- Theatrical release poster by April Scarduzio
- Directed by: Robert Scott Wildes
- Written by: Logan Antill
- Produced by: Robert Scott Wildes
- Starring: Lou Taylor Pucci Dov Tiefenbach Pat Healy Justin Chatwin Andy Bean Amanda Crew Michael Shannon
- Cinematography: Andrew Wheeler
- Edited by: Chris Walldorf
- Music by: Chris Walldorf
- Production companies: Them Gold Wolves Bow and Arrow Entertainment
- Distributed by: Indican Pictures
- Release dates: April 17, 2016 (TFF); July 13, 2018 (Theatrical release);
- Running time: 104 minutes
- Country: United States
- Language: English
- Budget: $75,000
- Box office: $31,031

= Poor Boy (film) =

2016 film

Poor Boy is a 2016 American Western film directed by Robert Scott Wildes and written by Logan Antill. The film stars Lou Taylor Pucci and Dov Tiefenbach.

== Plot summary ==
Romeo and Samson Griggs are two brothers who live in the desert. Left at birth in the will of fate, and growing up without any purpose in life, these brainless young men survive by gambling and hustling. When a mysterious woman threatens to repo their much beloved houseboat, Prickface and Poor Boy, as they are nicknamed by the locals, cook up the biggest theft yet. With the goal of making enough money for moving to California, the brothers are planning to leave behind their miserable lives once for all.

== Cast ==
- Lou Taylor Pucci as Romeo Griggs
- Dov Tiefenbach as Samson Griggs
- Pat Healy as Vern Rickey
- Justin Chatwin as Jackie Clean
- Andy Bean as Drime
- Amanda Crew as Charlene Rox
- Jon Foster as Roscoe Joe
- Michael Shannon as Blayde Griggs
- Amy Ferguson as Cynthia Ravenblanket
- Dale Dickey as Deb Chilson
- Eszter Balint as Missus Waxman

== Production ==
In March 2015, Lou Taylor Pucci announced that he will star in the film, with Robert Scott Wildes directing from a screenplay he wrote with Logan Antill, Kristin Mann serving as producer.

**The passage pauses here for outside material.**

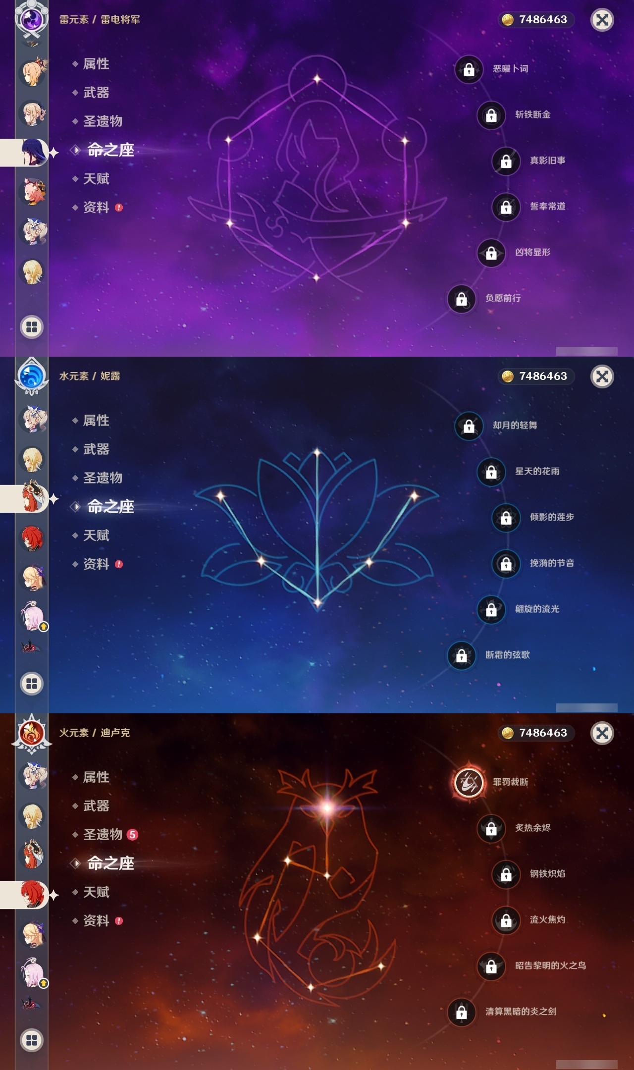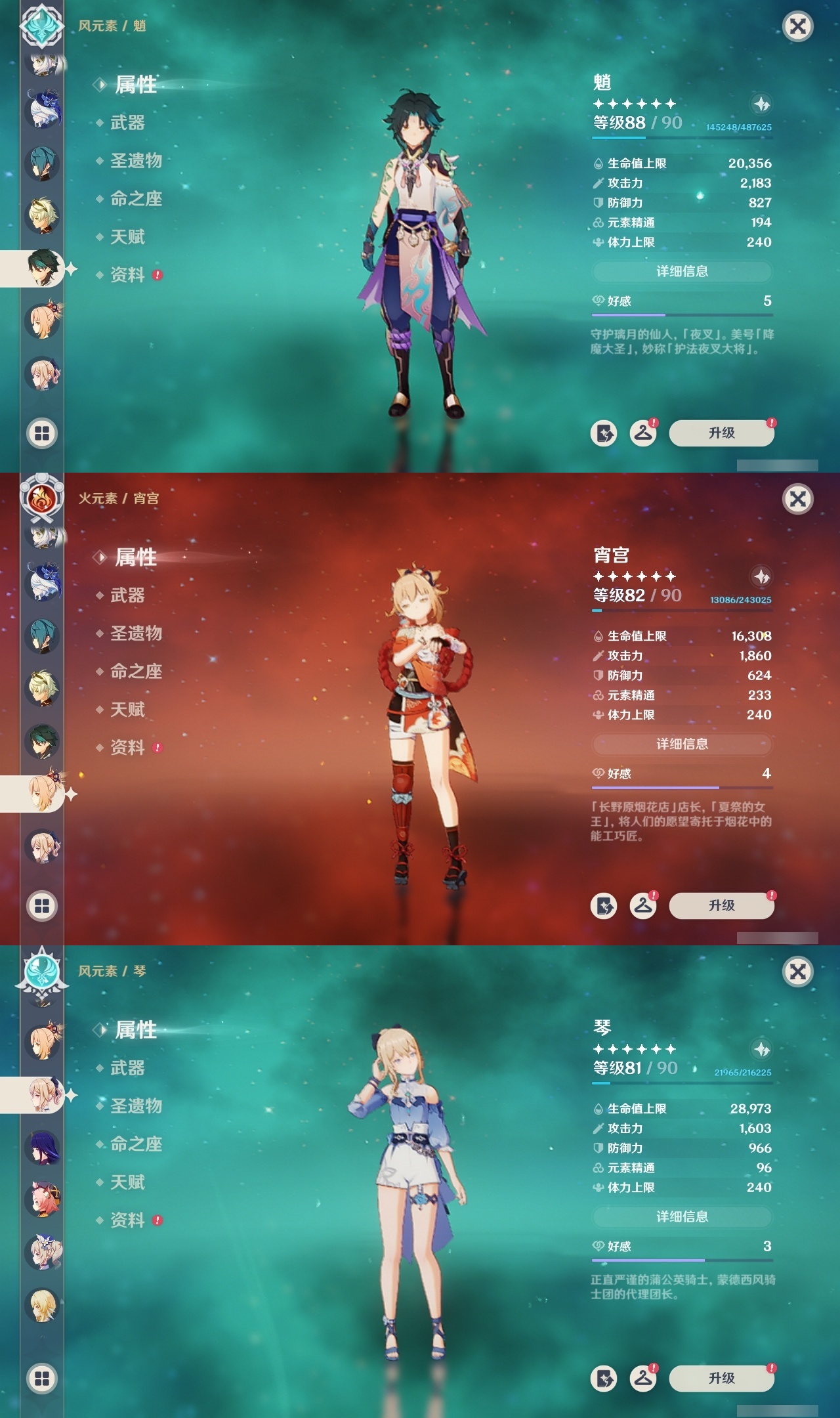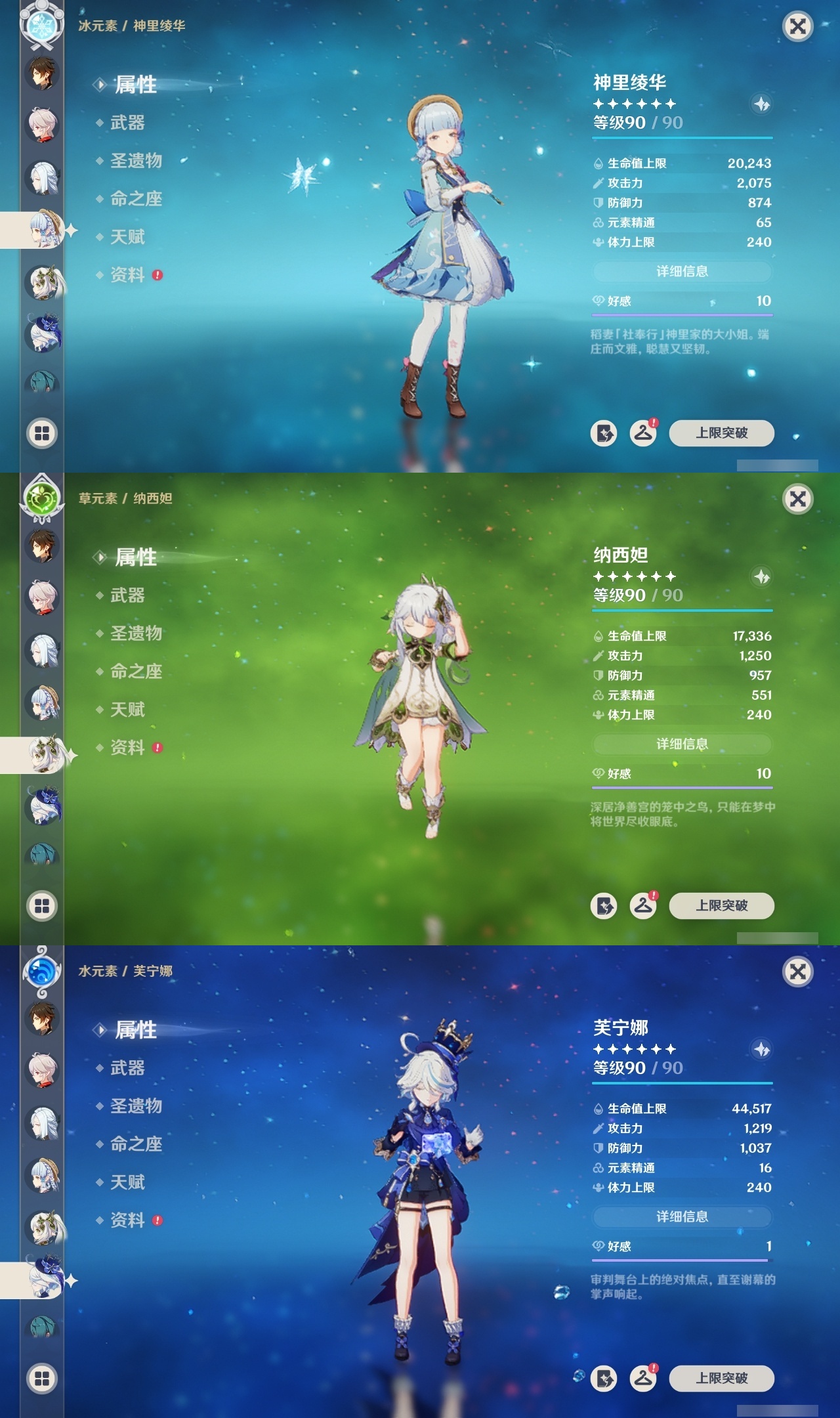 【原神】满命,冒险等级:57,五星数量:31,五星角色:魈 6命琴 6命神里绫华 6命申鹤 6命纳西妲 6命刻晴 5命夜兰 2命迪希雅 1命菈乌玛 1命迪卢克 1命莫娜七七宵宫钟离梦见月瑞希芙宁娜提纳里妮露枫原万叶雷电将军__五星武器:雾切之回光 2精若水 2精苍耀纺夜天镜飞雷之弦振和璞鸢天空之傲天空之脊天空之翼息灾圣显之钥__四星角色:班尼特 6命行秋 6命久岐忍 6命凝光 6命迪奥娜 6命砂糖 6命莱依拉 6命米卡 6命多莉 6命柯莱 6命芭芭拉 6命云堇 6命早柚 6命托马 6命烟绯 6命诺艾尔 6命罗莎莉亚 6命雷泽 6命菲谢尔 6命九条裟罗 4命北斗 4命香菱 3命鹿野院平藏 3命瑶瑶 3命五郎 3命珐露珊 2命卡维 2命辛焱 2命爱诺 2命坎蒂丝 1命重云 1命菲米尼 1命琳妮特 1命卡齐娜夏沃蕾伊安珊塔利雅赛索斯

Principal photography began on May 6, 2015 in Las Vegas, and concluded on June 1, 2015, with a total of 20 days of shooting.

== Reception ==
Review aggregator website Rotten Tomatoes reports that 20% of 5 critics gave the film a positive review, with an average rating of 3.30 out of 10.

==Release==
Poor Boy had its world premiere at the Tribeca Film Festival on April 17, 2016. Indican Pictures acquired the domestic distribution rights and released the film on July 13, 2018, in select theaters and through video on demand.